Why on earth did we ever think to build TSS FC Rovers?

The short answer is normally somewhere between, because it is so freaking childishly cool and because people said you shouldn’t be so stupid. Somewhere in there is the truth and ultimately both of those answers can be true. It isn’t incredibly fiscally responsible yet there is just something so special about the expression a community can make around a football club they begin to love. Starting from that romantic thought is what drives the little boys in us to think it’s possible. Watching small clubs all over the world succeed against all odds, past players buy their childhood club, and old managers investing in grassroots football themselves only serves to drive the dream further into our psyche. Roy of the Rovers stuff. If you’ve been in football for long enough, read a Shoot or a Kick Magazine cover to cover, watched Soccer Saturday when it was the only program available, the dream of owning a club or managing a professional environment is deep. And at a certain level, it’s silly. But so so cool. Soccer can be incredibly addictive and like any drug it makes you do silly and possibly amazing things…

Following that logic, TSS FC Rovers is, on a really basic level, the fulfilment of our dreams. We are aspiring to build a place to play, a place to go watch, a place to belong, and we are delivering our version of Roy of the Rovers. And my word, that is so much fun it is ridiculous.

However, this story goes deeper. At TSS, like many a North American club, the conversation is often about what to do to develop better players, advance the sport, what our National team should do or not do, and where the hell Canada is going to find the next crop of players. As we train our teams and move through our academy curriculum we argue the merits of new ideas, coaching points and we generally revel in the idea of trying to help players work to improve their game or chase their dreams in the sport. After the soccer balls are away we sit in the office or near the pitch and over a beverage of our choice we break down the soccer world. No different than you. When we trudge home to put the kids to bed and slide into another end of day drink our email, bulletin board and texts continue the conversation. There are no outcomes that need to be accomplished just endless debates on the best teams, best techniques, world’s greatest players, what if we did this type stuff to aid player development…and it is all awesome. It is what makes coaching in this country fun. Being with like-minded people that care and are truly in the game as a labour of love. Those people are all over our country supporting their kids and their clubs, and we are no different.
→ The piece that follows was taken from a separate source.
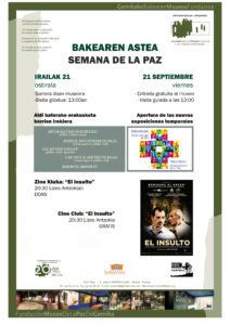 - Cinema: El insulto (Dir. Ziad Doueiri, 2017) in collaboration with Gernika Zine Klub Group and the Cultur House, at 20:30 in Lizeo Cinema; free entry.

Picture that very scene. A few of us completing a day of coaching when the topic of favourite rock bands ends up being the discussion of the evening. Songs are being played, conversation is flowing and a gorgeous spring training day is turning into a wonderful evening. It is only days after a generation of Canadians has heard the country’s adopted sons and a band held in the highest regard has declared its final tour. The Tragically Hip are bidding farewell under very emotional circumstances. Lead singer, Gord Downie, a person who would win the Prime Minister’s chair in a cake-walk should he have ever decided to stand, has been diagnosed with terminal brain cancer. His response is to grace us all with one last dance, one last wail, one last energetic connection of a national tour. To be with us.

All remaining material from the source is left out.